Theresa May avoids threat of a general election after conservative M.P.s vote 325 to 306 in her favor
British Prime Minister Theresa May’s government saw off a vote of no confidence in parliament on Wednesday, called after M.P.s overwhelmingly rejected the Brexit deal.
Main opposition Labour leader Jeremy Corbyn called the vote after Tuesday’s crushing defeat for May—but her Conservative M.P.s rallied behind her and the government won by 325 to 306, heading off the threat of a general election.
“This house has put its confidence in this government,” May told M.P.s immediately after the vote in parliament’s lower House of Commons. “I stand ready to work with any member of this house to deliver on Brexit and ensure that this house retains the confidence of the British people.” She also said she would “continue to work to deliver on the solemn promise we made to the people of this country to deliver on the result of the referendum and leave the European Union. “I believe this duty is shared by every member of this house. And we have a responsibility to identify a way forward that can secure the backing of the house.”

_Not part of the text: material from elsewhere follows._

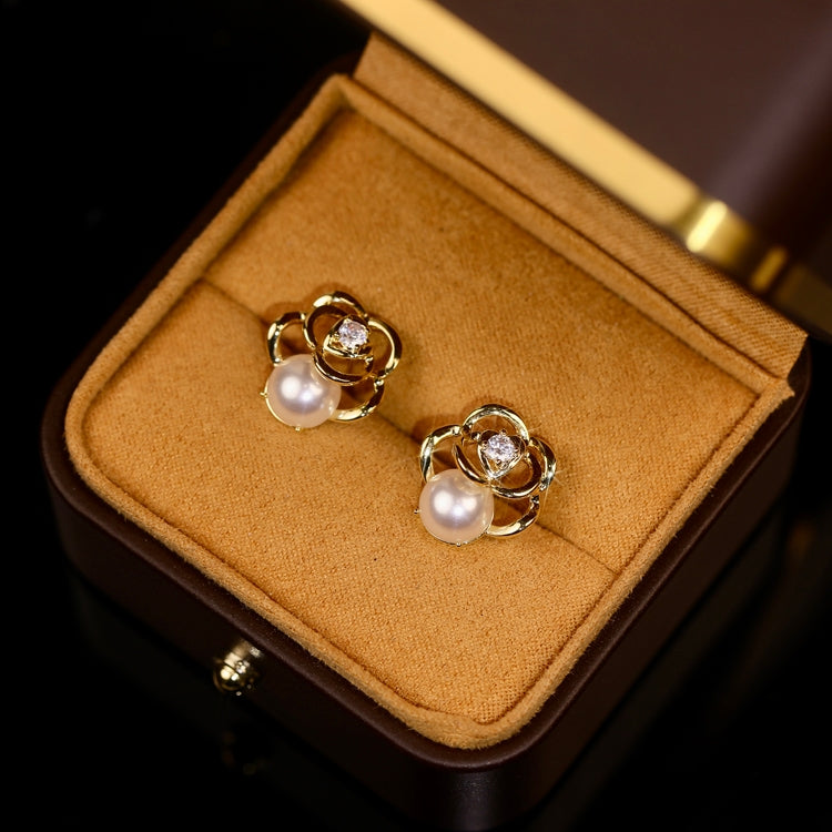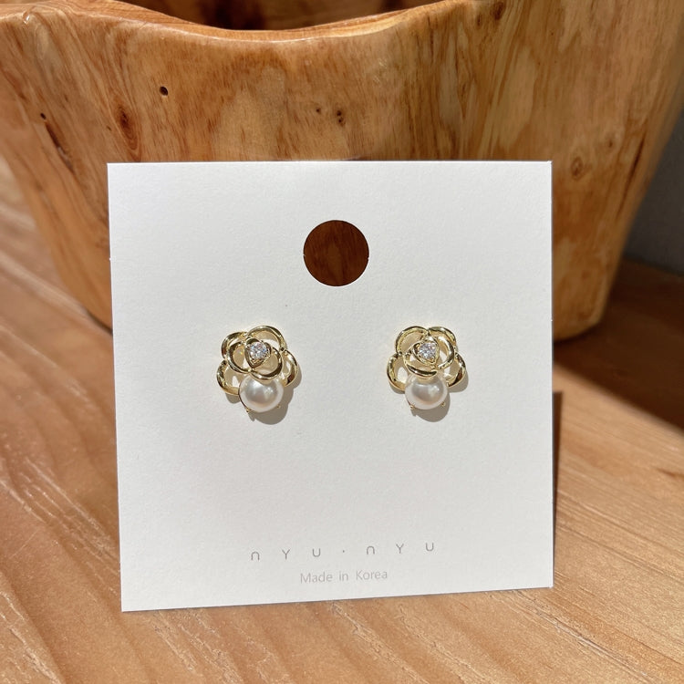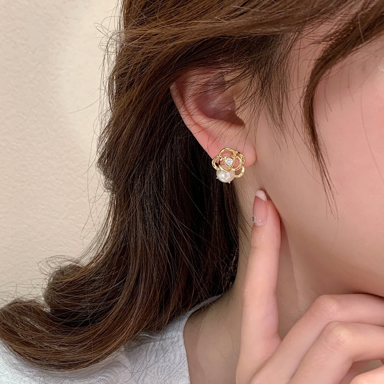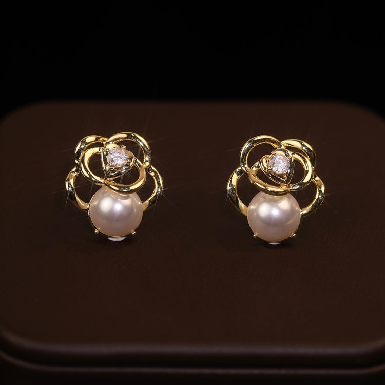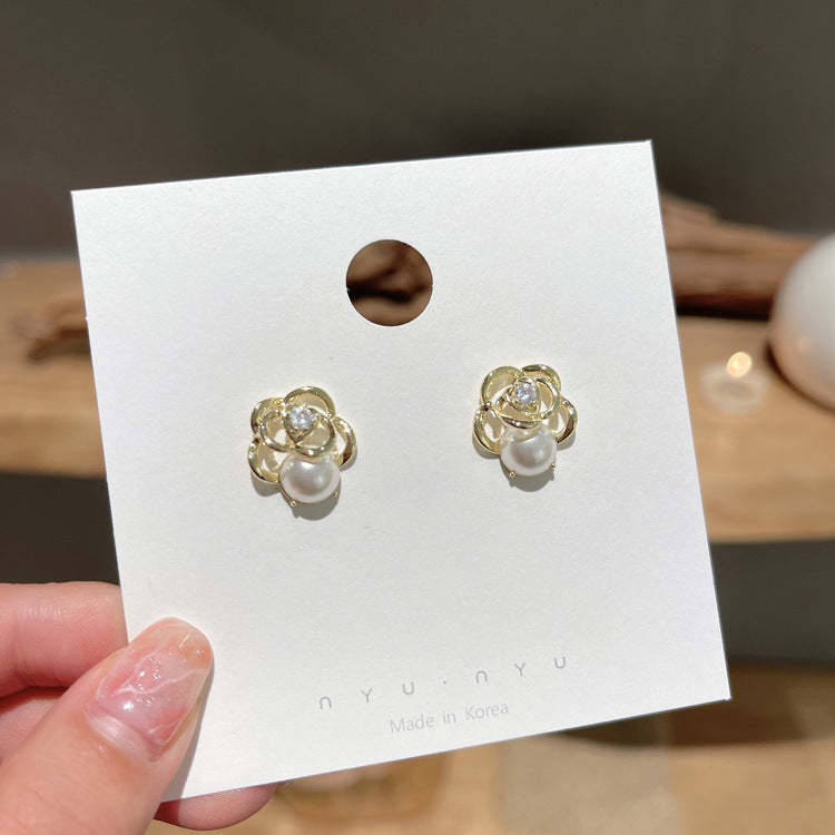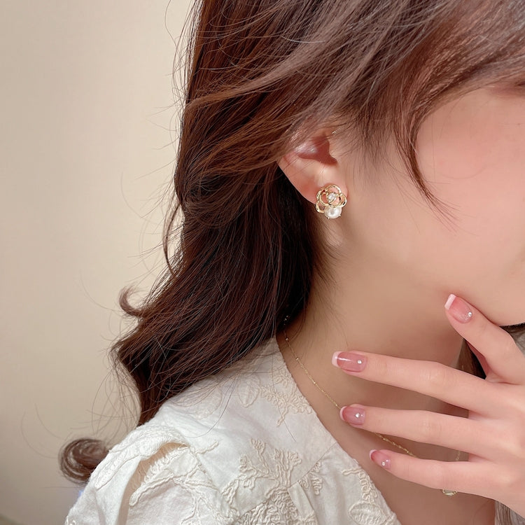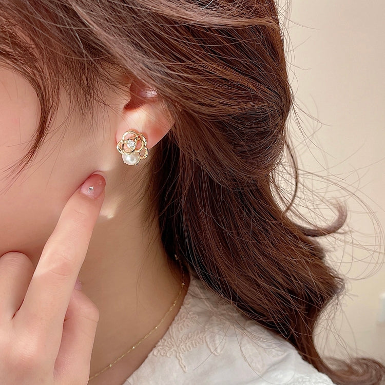 Women's Luxurious Camellia Pearl Alloy Stud Earrings - Retro Forest Style

She also invited opposition leaders to meet with her for Brexit talks—starting immediately on Wednesday. “I would like to invite the leaders of parliamentary parties to meet with me individually and I would like to start these meetings tonight,” May said. “The government approaches these meetings in a constructive spirit and I urge others to do the same. But we must find solutions that are negotiable and command sufficient support in this house.”